(Stored records)
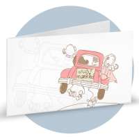 Bigliettino Bomboniera matrimonio in carta bianca, con stampa di una macchina e con scritta "just married". Minimo d'ordine 20 pz, ordinabili in multipli di 20 pz.
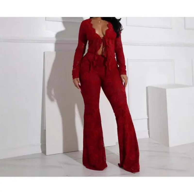 Size Type:Plus SizeComposition:70%(Inclusive)-80%(Exclusive),SpandexSeason:SpringPattern:Plants Size Type:Plus SizeComposition:Spandex,70%(Inclusive)-80%(Exclusive)Style:Street,Street Style,Pants SuitSeason:SpringPattern:Plants -red lace set with V-neck cardigan & high-waisted flared pants. Delicate sheer paneling and crisscross back detailing create elegant contrast, styled with gold chain accents for # NightOutStyle. The contoured silhouette flows through waist-defining tailoring, for date nights or cocktail parties. Breathable knit fabric allows movement while maintaining sophistication during evening events. 's trending # LaceFashion pairing transitions seamlessly from rooftop bars to gala dinners. Romantic cutout patterns align with viral # EveningOOTD content, styled with strappy heels for leg-lengthening effect. Machine-washable luxury fabrics maintain intricate lacework through multiple wears.
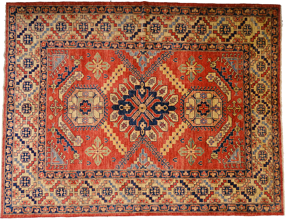 Dimensions : 242 x 182 cm -laine- Pays Afghanistan - Épaisseur : 8 mm - Densité de nouage : 300.000 Nœuds au m² - Surface : 4.4 m² - Poids : 13.21 Kgs - Age : contemporain - Confection : Noué main - Forme : Tapis de chambre - Type : Tapis Oriental
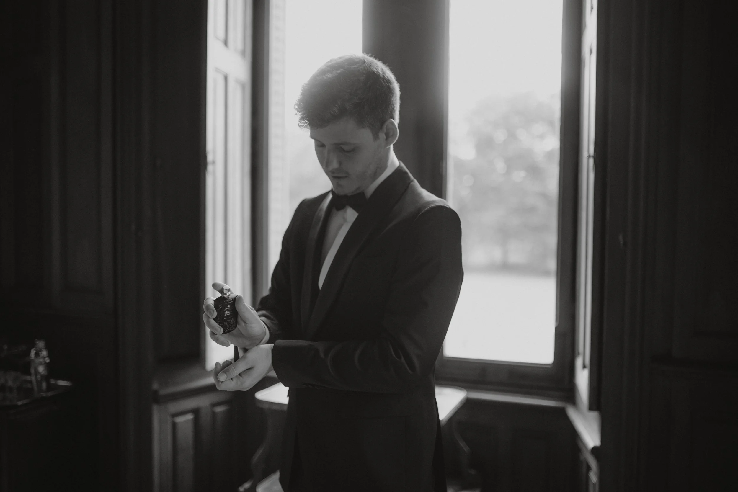 Schon am Freitag kamen die ersten Gäste an und konnten die besondere Atmosphäre des Château de Brossay spüren. Für uns begann der Samstag mit dem Getting Ready von Edda & Darwin: Bei Darwin war die Stimmung locker und entspannt, während bei Edda im royalen Zimmer ein liebevolles, aufgeregtes Durcheinander herrschte. Zu sehen, wie alle mithalfen und wie Edda schließlich in ihrem Kleid vor dem großen Fenster stand, war einer dieser Gänsehaut-Momente.
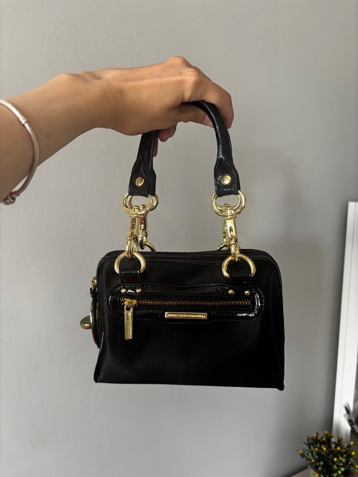 Parlak siyah saten ve deri kombinasyonlu, fermuarı kilitlenebiliyor markası benetton dolapta duruyordu fazlalıktan satıyorum
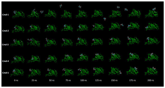 Snapshots for the movement of the studied five compounds inside the binding cavity of Omicron BA.1 during the MD simulation period.
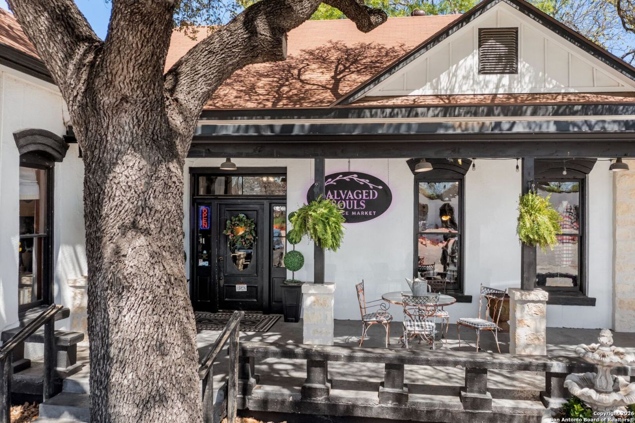 Great opportunity to own a piece of Hill Country history. This charming former estate home, located in the heart of Comfort, Texas, has served many purposes throughout its lifetime. Originally built as a residence by one of Comforts founding families, the property later transitioned into professional offices, housed a small technology company, operated as a restaurant, and now functions as an elegant home decor retail shop. The 3,279 square-foot main building has been thoughtfully renovated and restored to showcase the historic quality and character of the original construction. Features include high ceilings, legacy wood moldings, and original wood floors that create a warm and inviting atmosphere. An additional 420 square-foot building located behind the main structure offers excellent potential for expanded merchandising space or could serve as an outdoor service area should the restaurant use be reactivated. A large wooden deck connects the two buildings, while a pleasant yard area enhances the overall ambiance. Two restrooms provide added flexibility for a variety of uses. Recent upgrades include improvements to the roof and HVAC systems within the last 5-8 years. With excellent visibility and easy access along Comforts primary traffic corridor, this property is a must-see for anyone looking to establish or relocate a business in this desirable Hill Country community.
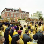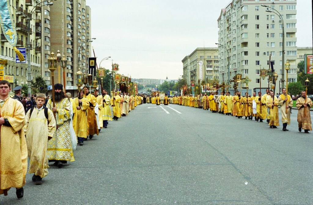 В торжественном шествии приняли участие архиереи, духовенство и почти десять тысяч верующих.

:: Work item ::
Repeat the records above exactly, from the first line through the line containing "Snapshots for the", and leave out the pictures.

:: Response to this task ::
 Bigliettino Bomboniera matrimonio in carta bianca, con stampa di una macchina e con scritta "just married". Minimo d'ordine 20 pz, ordinabili in multipli di 20 pz.
 Size Type:Plus SizeComposition:70%(Inclusive)-80%(Exclusive),SpandexSeason:SpringPattern:Plants Size Type:Plus SizeComposition:Spandex,70%(Inclusive)-80%(Exclusive)Style:Street,Street Style,Pants SuitSeason:SpringPattern:Plants -red lace set with V-neck cardigan & high-waisted flared pants. Delicate sheer paneling and crisscross back detailing create elegant contrast, styled with gold chain accents for # NightOutStyle. The contoured silhouette flows through waist-defining tailoring, for date nights or cocktail parties. Breathable knit fabric allows movement while maintaining sophistication during evening events. 's trending # LaceFashion pairing transitions seamlessly from rooftop bars to gala dinners. Romantic cutout patterns align with viral # EveningOOTD content, styled with strappy heels for leg-lengthening effect. Machine-washable luxury fabrics maintain intricate lacework through multiple wears.
 Dimensions : 242 x 182 cm -laine- Pays Afghanistan - Épaisseur : 8 mm - Densité de nouage : 300.000 Nœuds au m² - Surface : 4.4 m² - Poids : 13.21 Kgs - Age : contemporain - Confection : Noué main - Forme : Tapis de chambre - Type : Tapis Oriental
 Schon am Freitag kamen die ersten Gäste an und konnten die besondere Atmosphäre des Château de Brossay spüren. Für uns begann der Samstag mit dem Getting Ready von Edda & Darwin: Bei Darwin war die Stimmung locker und entspannt, während bei Edda im royalen Zimmer ein liebevolles, aufgeregtes Durcheinander herrschte. Zu sehen, wie alle mithalfen und wie Edda schließlich in ihrem Kleid vor dem großen Fenster stand, war einer dieser Gänsehaut-Momente.
 Parlak siyah saten ve deri kombinasyonlu, fermuarı kilitlenebiliyor markası benetton dolapta duruyordu fazlalıktan satıyorum
 Snapshots for the movement of the studied five compounds inside the binding cavity of Omicron BA.1 during the MD simulation period.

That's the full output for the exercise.